**The data**
* * *

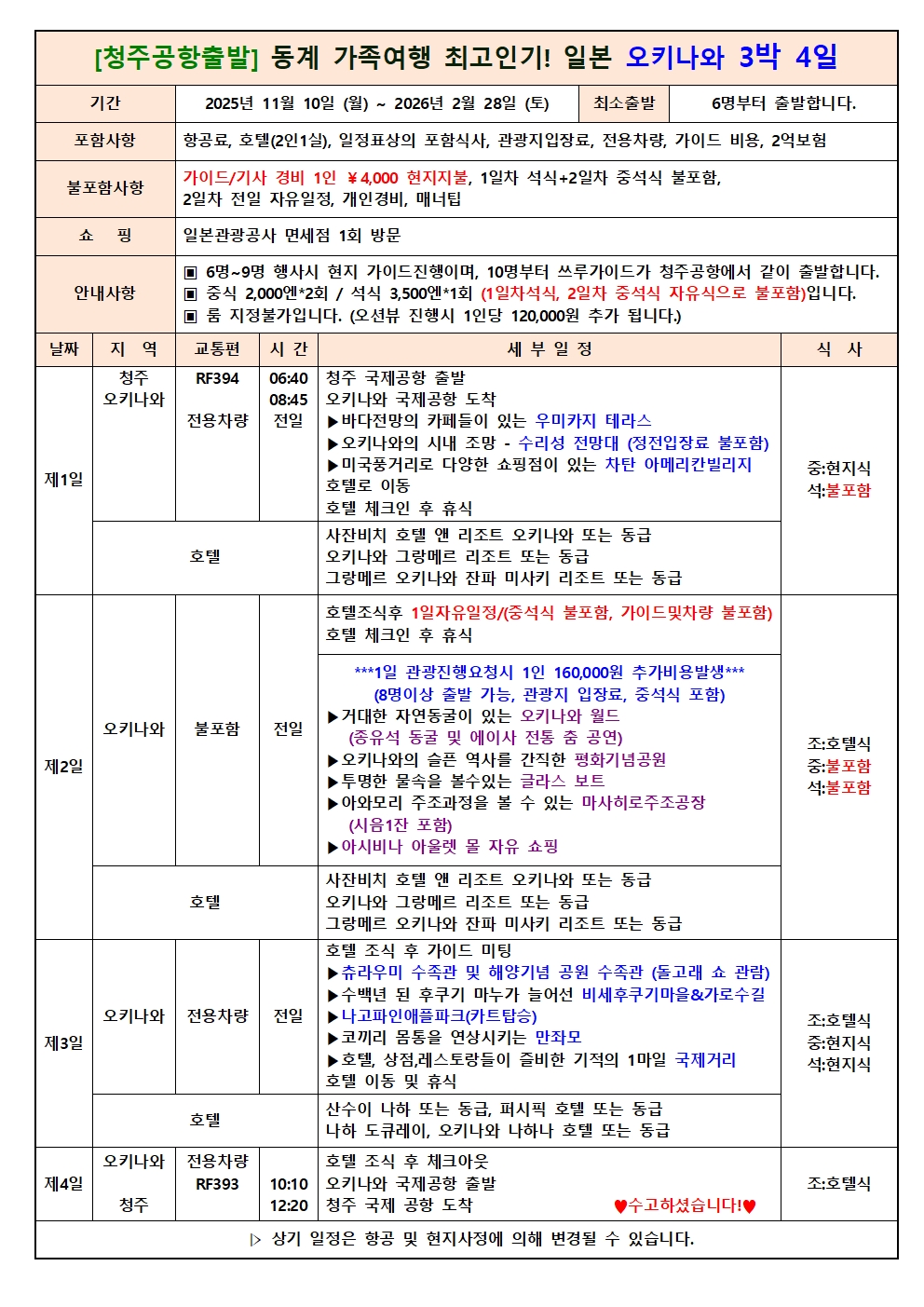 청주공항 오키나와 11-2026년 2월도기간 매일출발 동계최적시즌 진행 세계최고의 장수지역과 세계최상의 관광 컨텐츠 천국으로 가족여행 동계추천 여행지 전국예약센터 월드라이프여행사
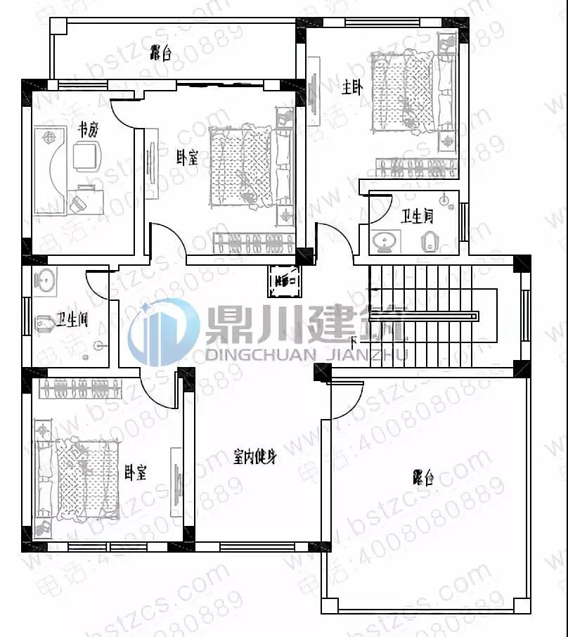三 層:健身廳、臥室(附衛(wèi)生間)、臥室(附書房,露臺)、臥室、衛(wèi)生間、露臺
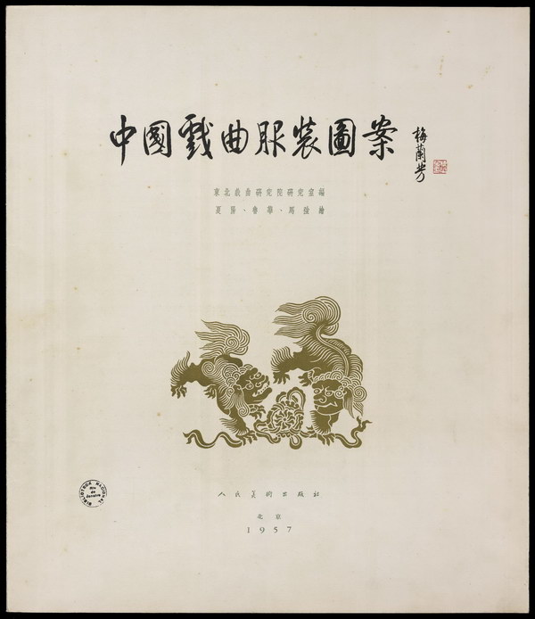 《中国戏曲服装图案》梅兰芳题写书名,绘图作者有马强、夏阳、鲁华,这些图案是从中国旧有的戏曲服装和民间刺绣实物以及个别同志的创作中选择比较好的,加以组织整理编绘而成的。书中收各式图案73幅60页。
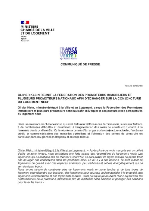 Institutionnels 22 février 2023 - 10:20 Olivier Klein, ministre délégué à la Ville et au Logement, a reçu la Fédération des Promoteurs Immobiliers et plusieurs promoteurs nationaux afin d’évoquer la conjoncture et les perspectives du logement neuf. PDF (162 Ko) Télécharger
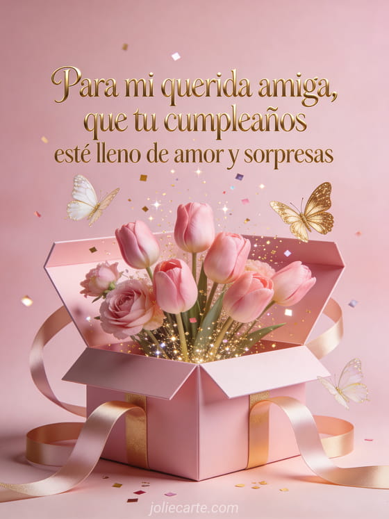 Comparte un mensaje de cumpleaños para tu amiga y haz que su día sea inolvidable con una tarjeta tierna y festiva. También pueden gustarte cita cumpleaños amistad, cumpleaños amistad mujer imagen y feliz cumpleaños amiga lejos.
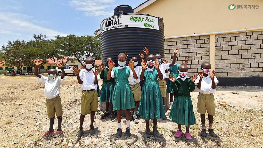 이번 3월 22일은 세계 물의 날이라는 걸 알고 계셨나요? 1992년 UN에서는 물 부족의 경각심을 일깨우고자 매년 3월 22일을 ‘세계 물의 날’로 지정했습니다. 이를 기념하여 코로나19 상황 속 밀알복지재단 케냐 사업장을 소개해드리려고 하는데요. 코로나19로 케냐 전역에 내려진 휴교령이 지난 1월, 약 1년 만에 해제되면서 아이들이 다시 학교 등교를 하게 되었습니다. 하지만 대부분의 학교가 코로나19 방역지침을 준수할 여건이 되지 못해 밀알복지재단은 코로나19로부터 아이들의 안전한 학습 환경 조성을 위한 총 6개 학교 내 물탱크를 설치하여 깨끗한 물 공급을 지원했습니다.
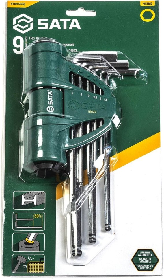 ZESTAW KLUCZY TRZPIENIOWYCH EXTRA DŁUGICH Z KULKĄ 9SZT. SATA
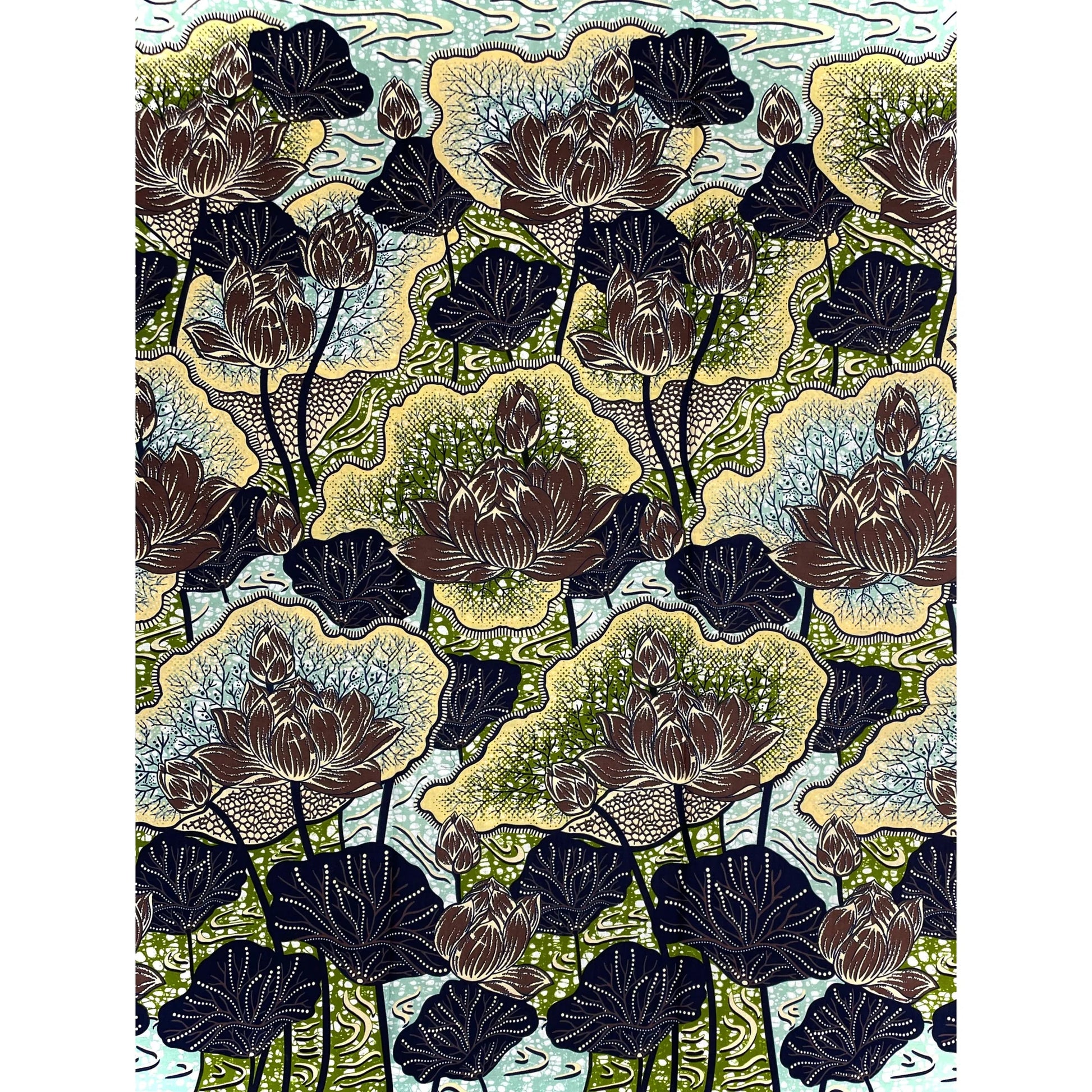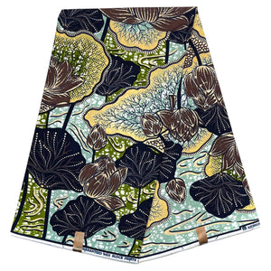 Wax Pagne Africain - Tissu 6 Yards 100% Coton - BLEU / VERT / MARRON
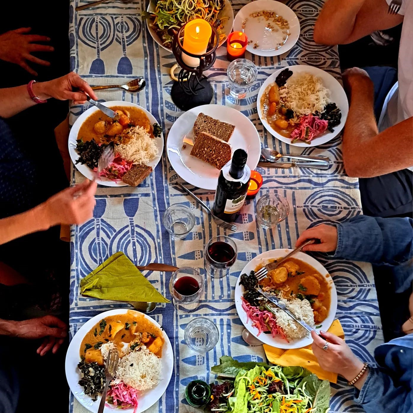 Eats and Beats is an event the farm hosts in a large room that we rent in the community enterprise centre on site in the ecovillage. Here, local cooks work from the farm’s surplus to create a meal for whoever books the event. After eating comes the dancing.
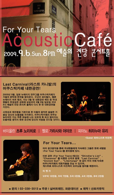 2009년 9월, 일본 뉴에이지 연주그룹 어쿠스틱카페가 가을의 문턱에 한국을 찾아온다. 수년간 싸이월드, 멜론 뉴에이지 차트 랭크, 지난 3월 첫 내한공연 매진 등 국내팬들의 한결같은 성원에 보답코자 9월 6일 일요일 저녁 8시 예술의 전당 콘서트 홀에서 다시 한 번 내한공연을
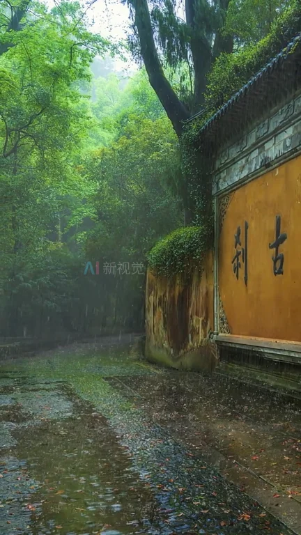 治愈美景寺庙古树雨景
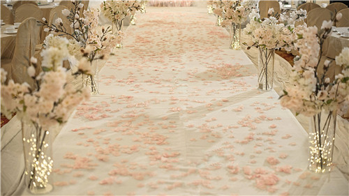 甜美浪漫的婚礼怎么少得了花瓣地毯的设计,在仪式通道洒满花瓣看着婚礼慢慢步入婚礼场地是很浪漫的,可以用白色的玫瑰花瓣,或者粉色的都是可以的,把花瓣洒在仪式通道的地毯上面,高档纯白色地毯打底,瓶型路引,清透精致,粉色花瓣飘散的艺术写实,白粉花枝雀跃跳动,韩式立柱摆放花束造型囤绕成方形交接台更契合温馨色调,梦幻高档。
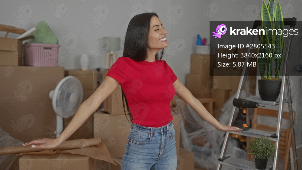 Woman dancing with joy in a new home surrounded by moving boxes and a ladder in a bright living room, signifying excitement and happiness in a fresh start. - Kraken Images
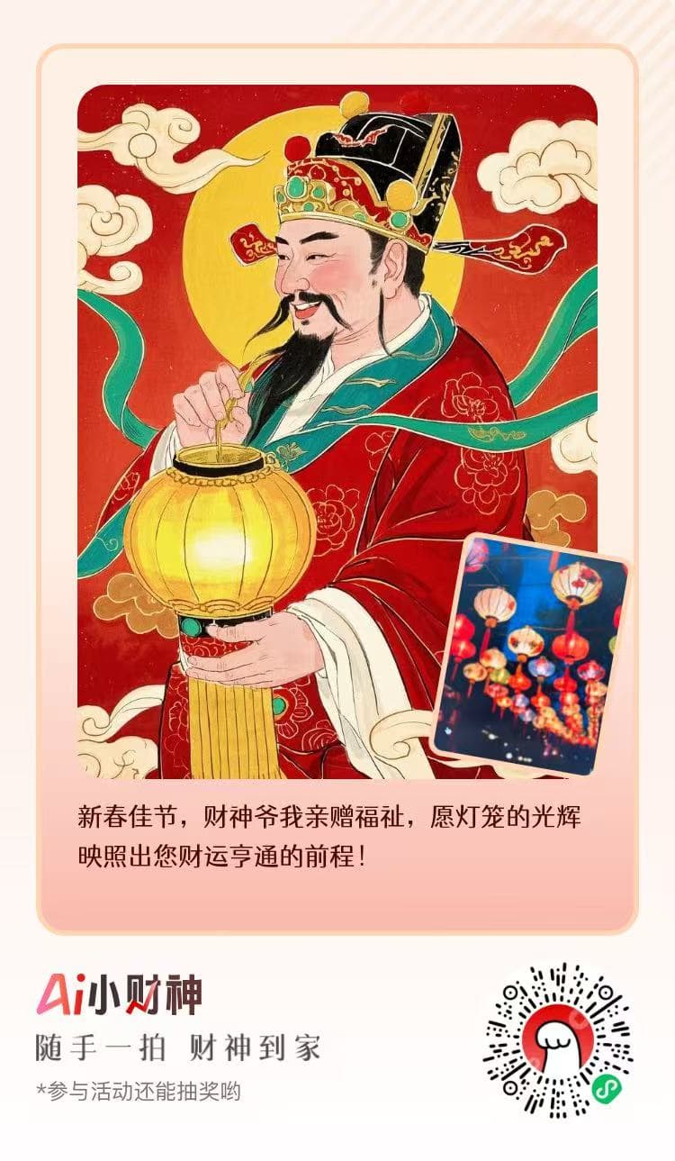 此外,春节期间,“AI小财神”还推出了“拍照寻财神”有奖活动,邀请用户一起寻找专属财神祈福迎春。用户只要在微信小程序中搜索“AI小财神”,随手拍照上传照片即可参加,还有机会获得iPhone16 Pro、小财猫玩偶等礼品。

* * *

Both boundary lines included, write out word for word only the lines above from the one containing "Institutionnels 22 février" to the one containing "Comparte un mensaje", leaving out any pictures.

**Output of the task**
 Institutionnels 22 février 2023 - 10:20 Olivier Klein, ministre délégué à la Ville et au Logement, a reçu la Fédération des Promoteurs Immobiliers et plusieurs promoteurs nationaux afin d’évoquer la conjoncture et les perspectives du logement neuf. PDF (162 Ko) Télécharger
 Comparte un mensaje de cumpleaños para tu amiga y haz que su día sea inolvidable con una tarjeta tierna y festiva. También pueden gustarte cita cumpleaños amistad, cumpleaños amistad mujer imagen y feliz cumpleaños amiga lejos.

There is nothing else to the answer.